Attorney Gerald Maatman oversaw the Seyfarth Shaw report, which analyzed 715 class-action and collective-action court rulings involving claims against employers last year, and found that plaintiffs' lawyers increased the pace of the Fair Labor Standards Act and the Employment Retirement Income Security Act class-action filings seeking recovery for unpaid wages and 401(k) losses.
Wage-and-hour litigation is proving especially attractive to the plaintiffs' bar because it is much easier to get such cases certified as class-action lawsuits than other areas of employment law, said Maatman.
Compounding this, Lotito added, is the fact that "employees are worried. They are either on unemployment, were on it but it ran out, or know someone who is or was or is afraid to be. (In short), they are looking for ways to obtain compensation."
Michael J. Ossip, a partner in the labor and employment practice at Philadelphia-based Morgan Lewis and a national co-chair of the firm's wage-and-hour practice, agrees that uncertainty is fueling the trend.
"There's a general line of thinking in employment law that, while an employee has a job, he or she will be much more reluctant to file suit against his or her employer," even if there is a disagreement. Once the job is lost, which has been the case for millions of Americans, he said, "the sentiment becomes, 'Now that I'm unemployed, I'm going to pursue it.' "
Despite the talk of an imminent economic recovery, said Ossip, "the likelihood that (companies) are going to get hit by one of these class-action suits is now much more likely."
Plaintiffs' lawyers are getting much more aggressive, he said, in "putting state actions together and turning them into federal class-action cases."
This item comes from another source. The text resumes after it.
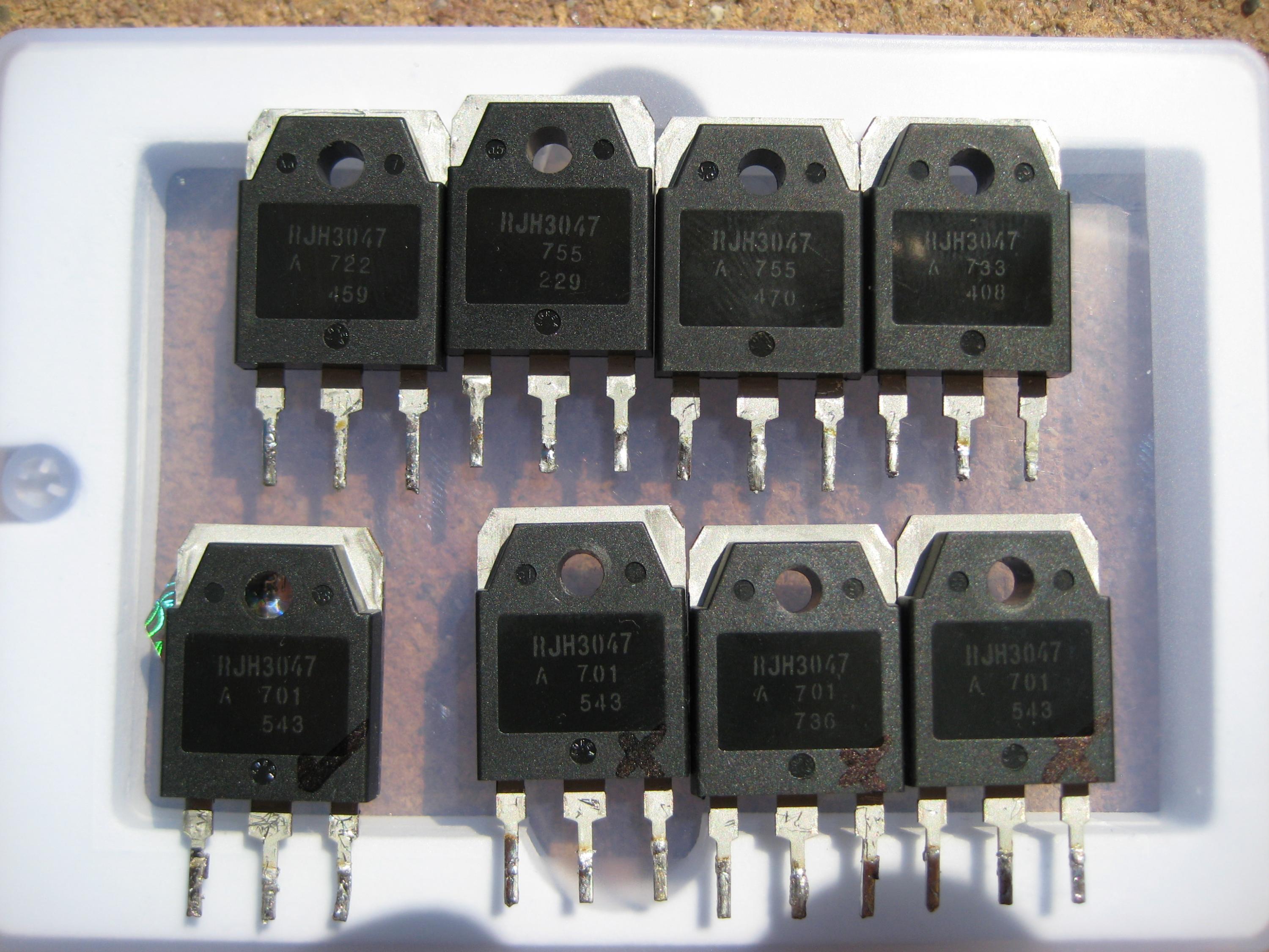 The chirping sound became louder from around the upper heatsink. Being afraid of shorting another set of transistors I tried only few times powering up but I got no luck. Desoldered the components again and checked. At least the transistors and the rectifiers are still OK.

Although the attorneys admit that the Obama administration will make it easier for employees to file class-actions and for unions to help them, there is "much more to this not attributable to the administration," Ossip said.
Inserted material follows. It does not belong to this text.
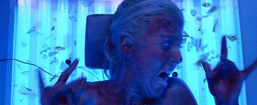 《死神来了3》其中这一幕真的超恐怖,两个去做日光浴的妹子就这样被烧死在机器里,尤其空间这么小,根本无法逃出去啊!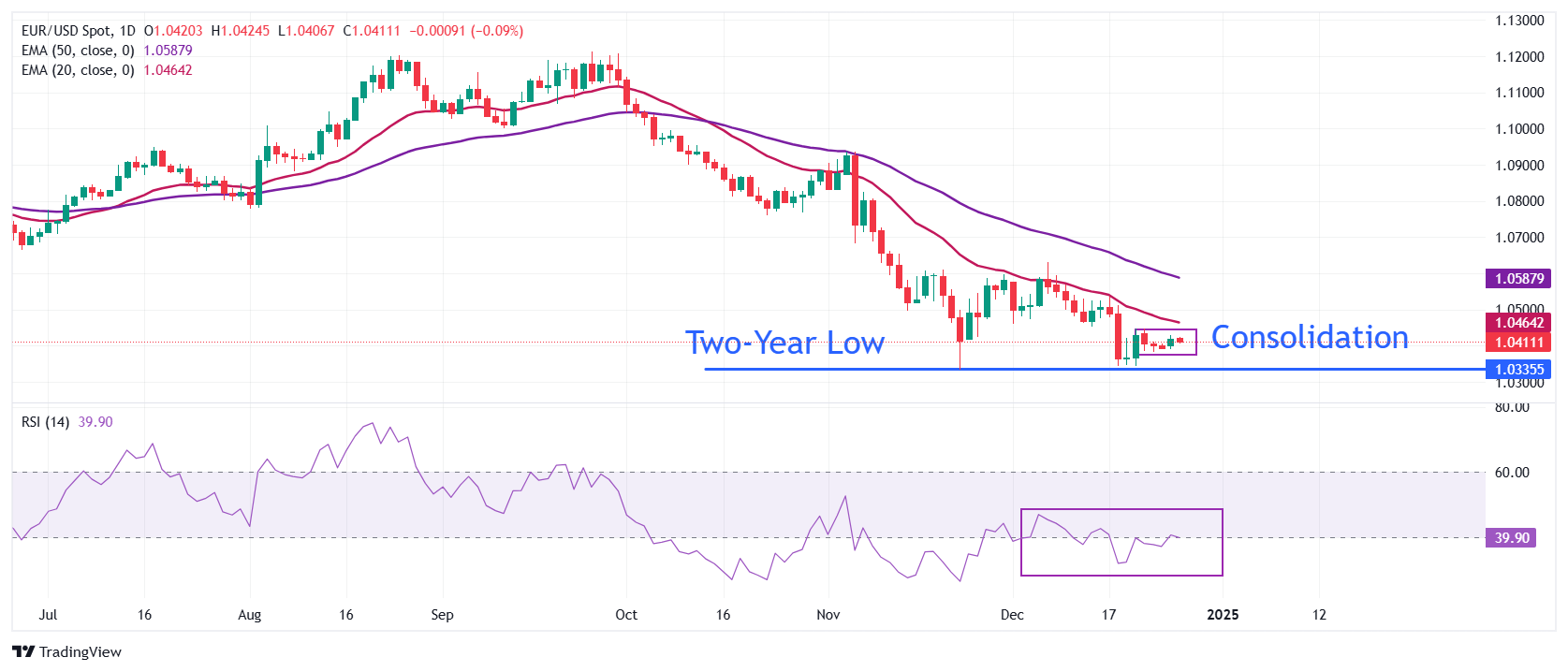 周五欧洲时段,欧元/美元在1.0400附近窄幅交易,市场参与者因圣诞假期保持观望,交易清淡。该货币对努力寻找方向,而美元(USD)则在美联储(Fed)将遵循逐步放宽政策的坚定预期下走高,因為通货膨胀在过去三个月中略有反弹。

A good takeaway, said Gray, is for HR and risk managers to not wait.
"If you're paying attention to the types of cases, you can get out ahead of them and fix your practices that need to be fixed, and clarify things that need to be clarified, such as wording in the employee manual, how you're handling meal breaks, the list goes on ... ," he said.
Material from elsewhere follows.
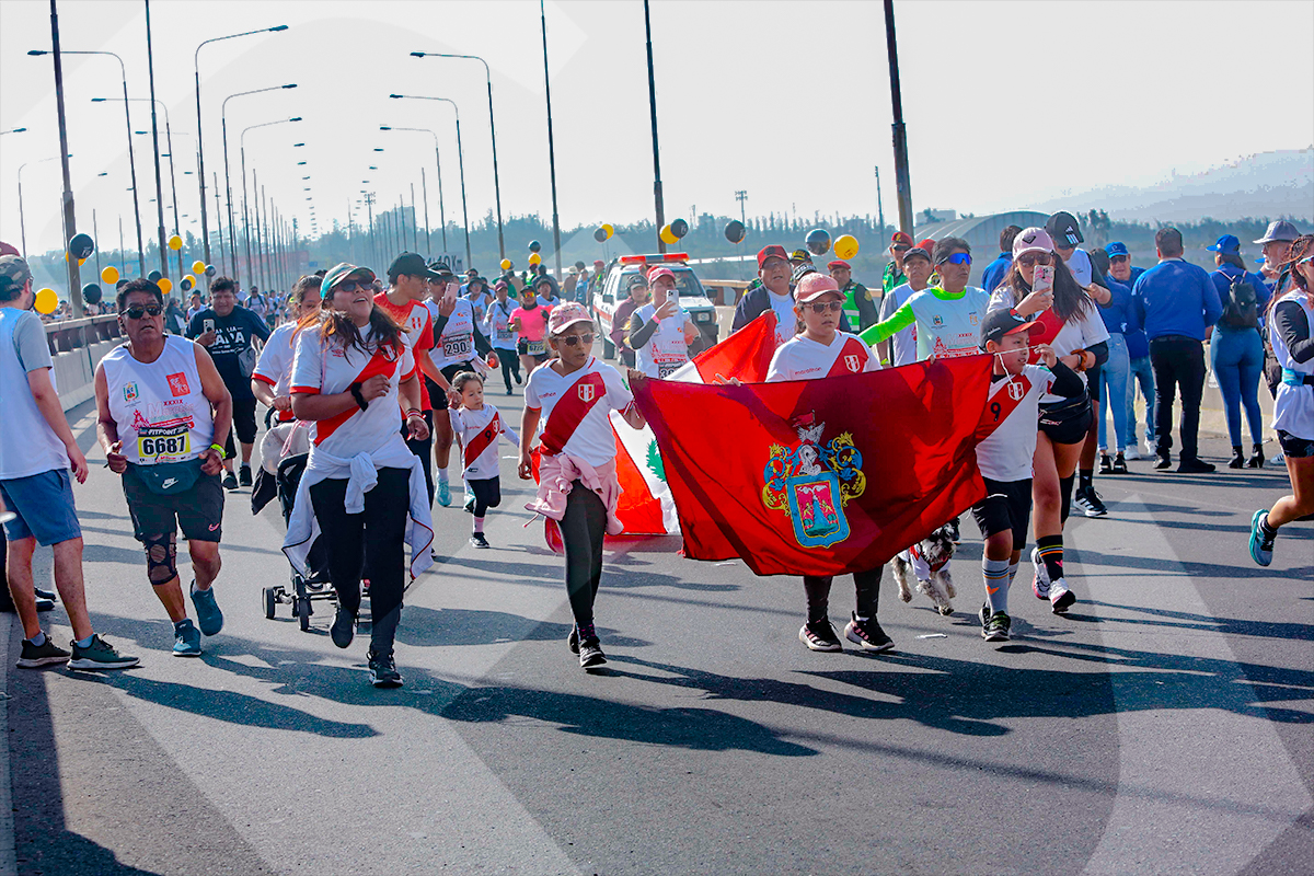 Alrededor de 6500 atletas inscritos, entre nacionales y extranjeros, participaron en la Maratón Internacional Virgen de la Candelaria.Atletas salen del túnel y pasan cerca de unos aficionados que, con silla en mano y bastón, llegan para presenciar la competencia.En la largada, un grupo de maratonistas encontró a una madre y su hijo cruzando a toda prisa para no interrumpir su paso.Disfrazados de Popeye y un dinosaurio, dos competidores captaron la atención de los presentes, ambos llegaron a la meta ovacionados.Una niña espera a su mamá durante la maratón. En esta competencia participaron muchos dúos de padres e hijos.Este año se logró un récord de participantes en la maratón más importante del sur del país.Con toda la actitud. Los atletas mostraron gestos de felicidad y satisfacción al llegar a la meta.El deporte te muestra muchas historias, como la de esta madre que corrió con su bebé de pocos meses de nacido, demostrando su amor por el fondismo.La maratón ha consolidado una hermosa tradición: familias completas que corren juntas para alcanzar la meta.El público premió con aplausos la participación de niños con habilidades diferentes.No podían faltar las mascotas, varios corredores decidieron participar en la competencia con sus engreídos.El huancaíno Yeison Canchanya, con el dedo al cielo, ganó la competencia de 42k con un tiempo de 2 horas, 24 minutos y 44 segundos.Gran cantidad de público llegó hasta el puente Chilina para alentar a los deportistas.Aidee Loayza se convirtió en la primera ganadora de los 42k en la categoría damas.La Cruz Roja ayudó a muchos atletas que requirieron asistencia médica tras llegar a la meta.Al culminar la competencia, los corredores se despojaron de sus zapatillas, agotados por el esfuerzo realizado.

"Coming out of the downturn," he added, "many, many companies lost people and were forced to downsize, and many people took on additional duties then.
"We have many clients who have gone through very difficult restructurings where people in certain jobs are now actually doing very different things than what people in those jobs used to do," he said.
"Now that the economic waves have receded a little," he also said, "now's the time to see if managers are doing far more nonmanagerial work. Or you could have exempt administrative people who are now nonexempt. You may even have nonexempt people now exempt, so that angle could be very helpful to you."